Check out the roof here though. These slate tiles seem to be in perfect shape. Note that the size of the tiles themselves are larger at the bottom and get smaller as the roofline goes up. It’s planned that way to give the effect that the roof is taller than it looks, giving the appearance of a larger home. It’s done on homes like this one, and homes that are three times the size of this. Interesting.

Wish I had a slate roof. When I see them, I know that if the builder used slate for the roof, the rest of the home is good quality as well.

Moving Right Along

At this home I met Marcia. She seemed a lovely woman, a bit shy, but I could see a friendly nature beneath the shy exterior. If I lived here, I believe Marcia and I could become friends. I hope she would agree.
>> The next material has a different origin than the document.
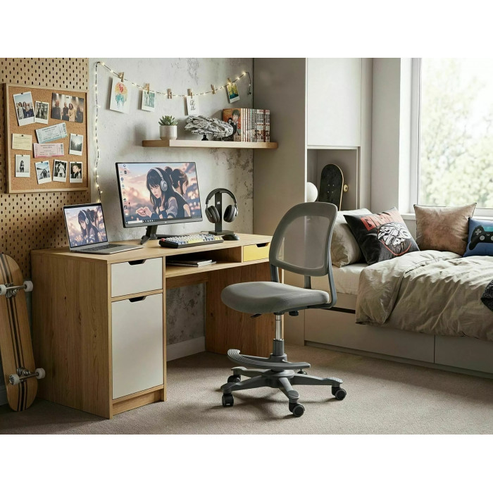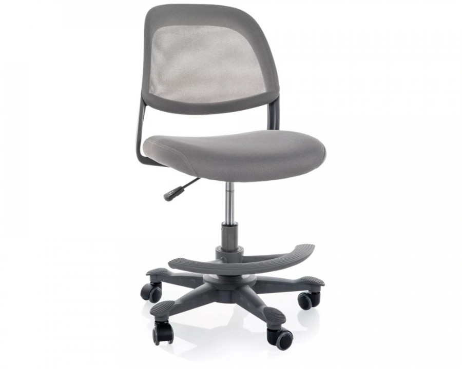 Офісне комп'ютерне крісло, сітка/мембранна тканина, колір: сірий, обертова підставка для ніг з регулюванням висоти.

Looks like I just missed Marcia’s daffodils. Too bad, they were probably beautiful.

Then there is this Colonial, below, with its brick foundation. I wonder if there is brick behind the siding? Seems unlikely that the brick would extend to the ground, if there weren’t brick above it. So I searched, and did find an advertisement for a brick Colonial home at this address back in 1935. No photo to corroborate it though. Anyone know?
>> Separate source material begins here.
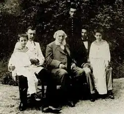 (На фото слева направо: Константин Арцеулов, сидит на руках своего отца Константина Николаевича, И. К. Айвазовский, внуки Айвазовского — Александр Латри (стоит), Михаил Латри и Николай Арцеулов (в матросской форме).

I love the wrought iron above that massive bay window. I can just imagine the light brought in through that window. Fantastic!

Spanish Influence

Next, I came to this Spanish influenced home. What a home! The tile roof seems to be in great shape, and I love how the balcony doors and window mimic the main entry at the ground level. The pillars with the rounded archways that also mimic both doors are perfectly executed.
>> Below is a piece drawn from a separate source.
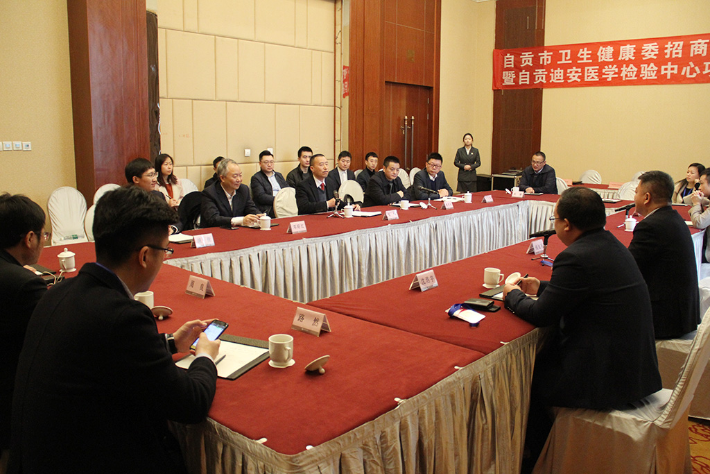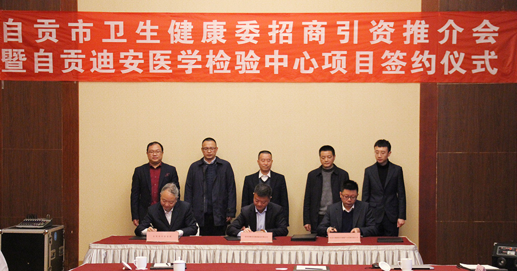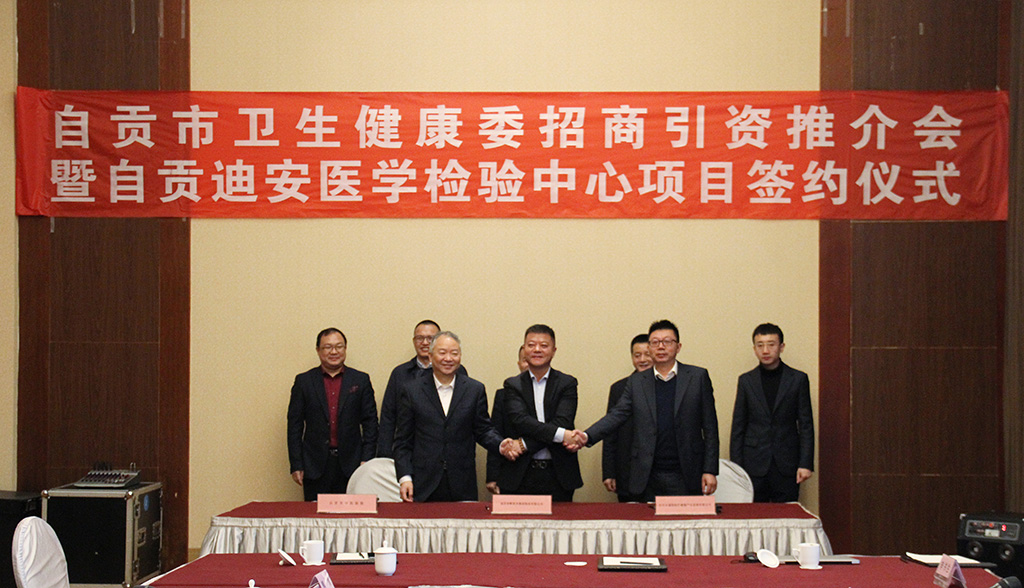 2月21日上午,自贡市卫生健康委招商引资推介会暨自贡迪安医学检验中心项目签约仪式在檀木林金陵酒店举行,自贡市中医医院、自贡市城投医疗健康产业发展有限公司、杭州迪安医学检验中心有限公司三方签订合作协议,全面推进战略合作,建设川南区域化医学检验中心项目。

I can tell you this. It wouldn’t take very much for me to move into this home. It’s got it all.

Onetime owner of this home was Christian Laube, who was the vice-president of Laube Restaurants. It was one of the largest family-owned chain restaurants in Buffalo and was started by Christian’s father in 1907 as “My Lunch” on Niagara Street, where the family court building now stands. It eventually was renamed Laube’s Cafeterias and at its peak served 2,000 lunches per day from this one location!

Laube Cafeterias grew to include Laube’s Old Spain, which was next door to Shea’s, a cafeteria inside the YMCA building downtown, and a full service restaurant inside the Lord Amherst Hotel on Main Street in Snyder. They were by their own motto, “known for food”.

Read more about the fate of Laube’s Cafeterias here.

The Corner Lots

Now we come to the homes at the corner of Woodley and Eldon.

First up, is the largest home on the street, with the possible exception of the first house we talked about at the beginning of the post. This home is a spectacular Tudor. My photo definitely does not do it justice.

The address here has changed as well. It used to be considered on Woodley, but now has an address on Eldon Road. Curious when the home obviously faces Woodley.

There are some big Buffalo names associated with this home. In the 30s, there were Amigones living here. I came across numerous articles ranging from 1936 through 1940 regarding newspaper sponsored holiday lights contests. They were apparently a pretty big deal in Buffalo at that time. The Amigones at this address won the contest in the ‘homes worth $9,000+” category one year.

In 1949, Raymond Haimbaugh lived in the home. He was written up in the Buffalo Evening News that year for being named the Division Manager at the Wurlitzer Company in North Tonawanda. Cool.

And Last, But Not Least

Alfred Durrenberger and family lived in this home in the 1960s. He was the founder of one of Buffalo’s other family-owned chain restaurants, Your Host. Right next door to the Laude family. What a coincidence! And they call this street ‘Judge’s Row’? Wondering if we’ll see any Decks from the Deco Restaurant chain on this street? Stay tuned.

Crossing the street now, this is a completely different style from any other house on the street. Although it appears to be on Woodley, this too is technically on Eldon Road. It’s a nice large ranch home, and from the angle I took this photo, it appears to be all garage. But it really isn’t. It’s what I like to call a ‘rambling ranch’. You know, one of those ranch homes that just keeps going…

It’s a lovely home, and is probably the newest on the street, built in 1940.

The Redcoats are Coming…

This next one is perhaps the most original home I’ve ever written about. Even though it’s not original at all. Quite the opposite, in fact. This home, below, is a replica of Paul Revere’s home in Boston.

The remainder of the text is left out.